____ Data

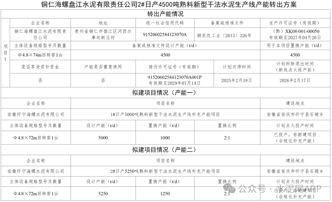 轉(zhuǎn)出產(chǎn)能:銅仁海螺盤江水泥2#4500t/d置換補(bǔ)充產(chǎn)能:安徽懷寧海螺1#1000t/d;2#1250t/d置換比例:2:1
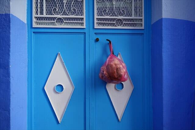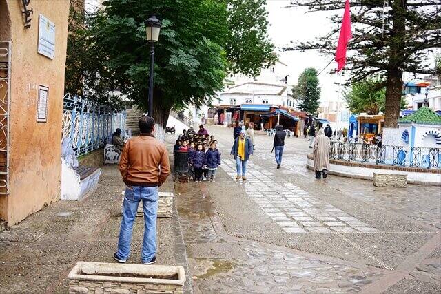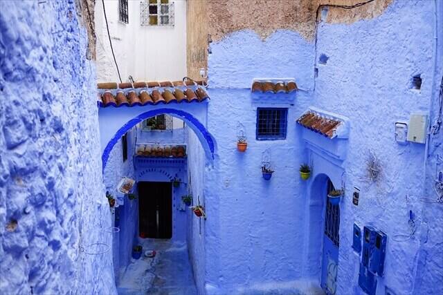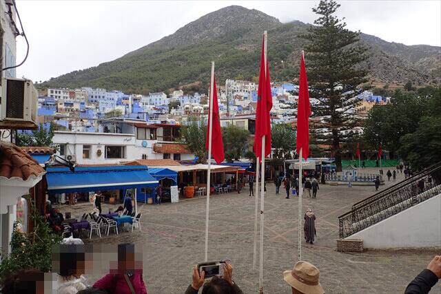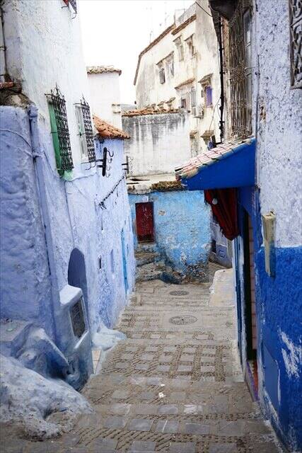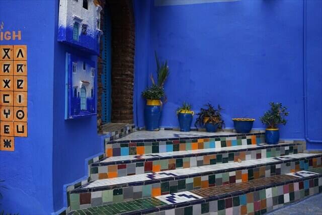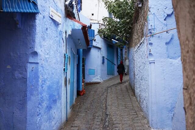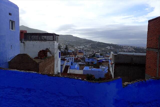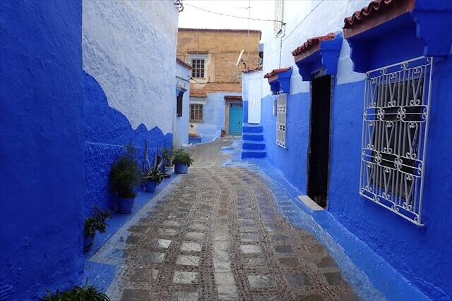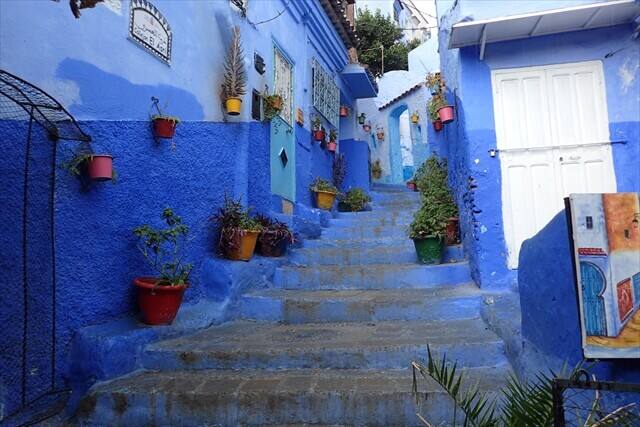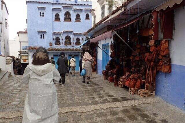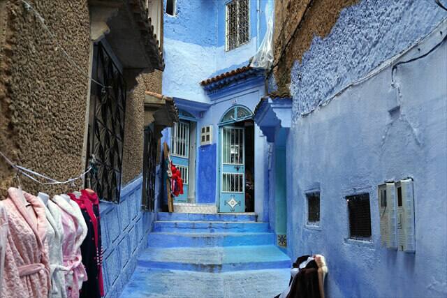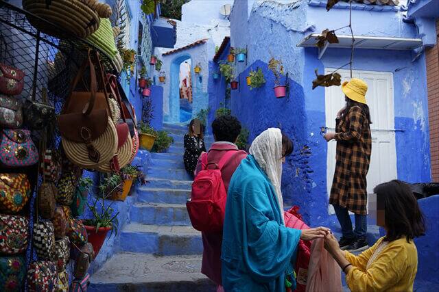 シャウエン観光の時の服装は青いバックに映える服の色で観光することをお勧めします。
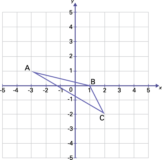 image A triangle « A » « B « C » is placed on a Cartesian plane at the following coordinates. « A » (opening parenthesis) minus 3, one (closing parenthesis), « B » (opening parenthesis) one, zero (closing parenthesis), « C » (opening parenthesis) 2, negative 2 (closing parenthesis)

________

## How to complete this task
Copy out the listing above exactly, and keep the pictures out of it.

## Task output
 轉(zhuǎn)出產(chǎn)能:銅仁海螺盤江水泥2#4500t/d置換補(bǔ)充產(chǎn)能:安徽懷寧海螺1#1000t/d;2#1250t/d置換比例:2:1
 シャウエン観光の時の服装は青いバックに映える服の色で観光することをお勧めします。
 image A triangle « A » « B « C » is placed on a Cartesian plane at the following coordinates. « A » (opening parenthesis) minus 3, one (closing parenthesis), « B » (opening parenthesis) one, zero (closing parenthesis), « C » (opening parenthesis) 2, negative 2 (closing parenthesis)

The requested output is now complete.